For Bird Watcher's Digest, September 2011

by Michael and Diane Porter

Michael and Diane Porter wrote the following review, which appeared in the September, 2011, Bird Watcher's Digest. It discusses the necessary design principles of a binocular-camera. It also gives an in-depth look at the Bushnell Image-View SyncFocus binocular-camera.


The heart of the camera

The sensor is the heart of every digital camera. It’s the small, rectangular piece of electronics that the lens focuses its image onto. It’s made up of millions of tiny light-sensitive rectangles, called pixels. Each pixel’s job is to convert the intensity of the small bit of light falling onto it into an electrical voltage, so that voltage can be converted to a number. The numbers get stored as picture data and are used later to recreate the image. The number of pixels on a sensor is a measure of its resolution and relates to the amount of detail that the sensor can capture.

A sensor with lots of pixels is good for bird pictures. The extra resolution allows you to later crop the image so the bird fills the frame but retains plenty of sharp detail.

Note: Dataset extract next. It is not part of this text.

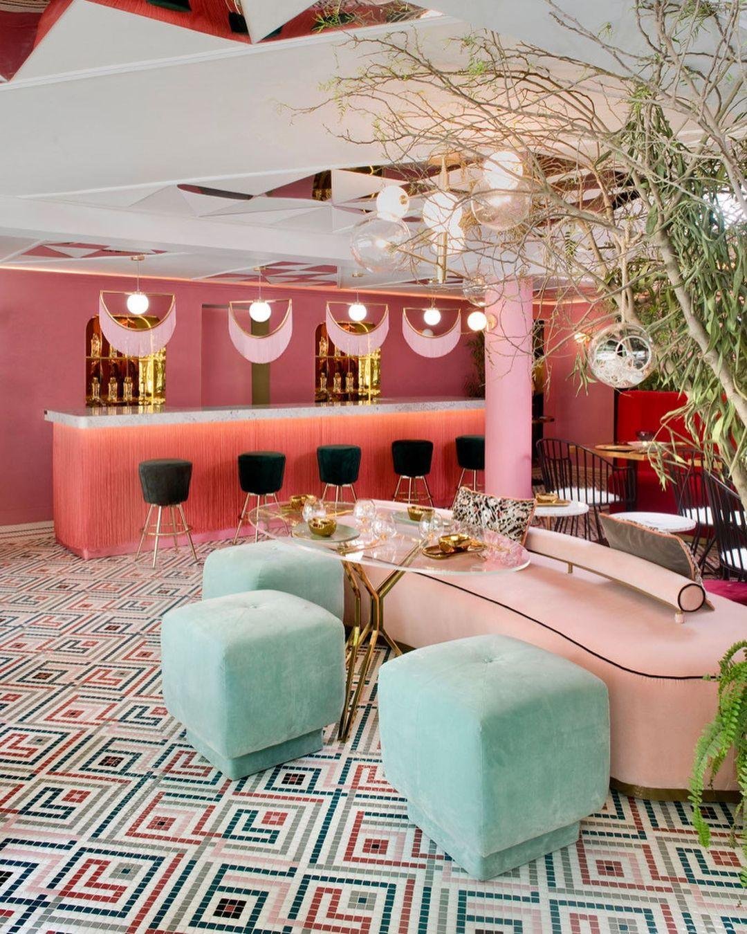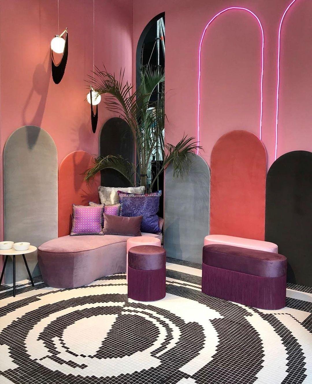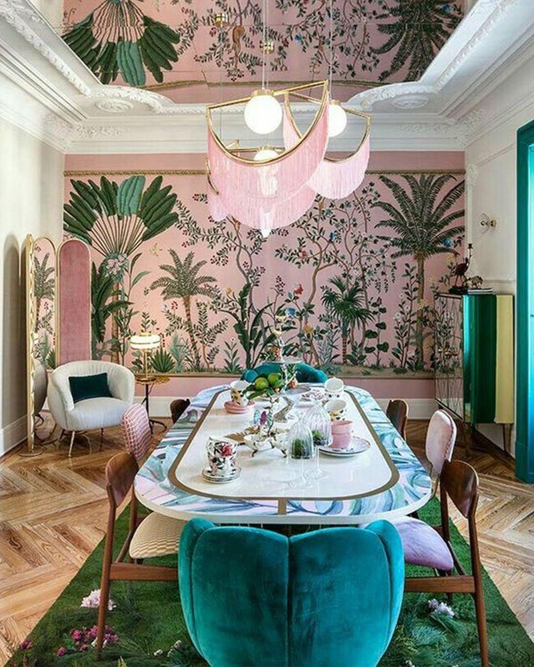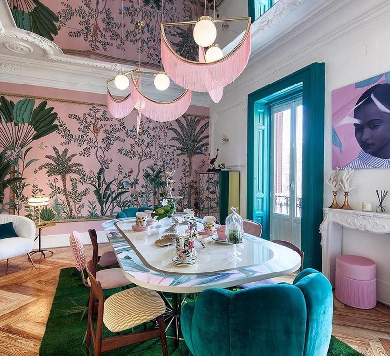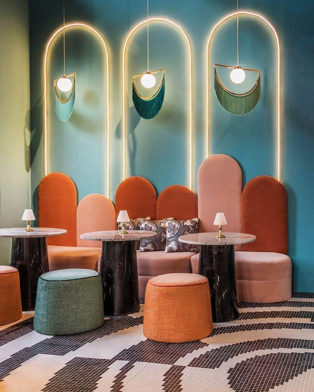 The Wink Pendant Light features a distinctive geometric design inspired by post-modern aesthetics. Its structure is shaped like an eye, combining a rigid gold metal frame with delicate, colorful fabric fringes. This fixture offers a sophisticated balance between modern lines and classic boudoir-style elements, making it a focal point for interior spaces. The light source is housed within a white glass globe, which diffuses light evenly for a soft ambient effect.

Sensors come in various sizes and with various numbers of pixels. It’s possible to manufacture a smaller sensor with just as many pixels as a larger one. However, as the size of the pixels gets smaller, their ability to accurately measure the light falling on them also diminishes. This loss of accuracy becomes problematical when we want to capture very short intervals of time—like when we need fast shutter speeds to photograph birds.

On most cameras, you can increase the shutter speed by boosting the sensitivity of the sensor. You do that by turning up the ISO setting. However, if you increase the ISO setting too much, you start getting noise artifacts in your pictures, like grainy-looking skies.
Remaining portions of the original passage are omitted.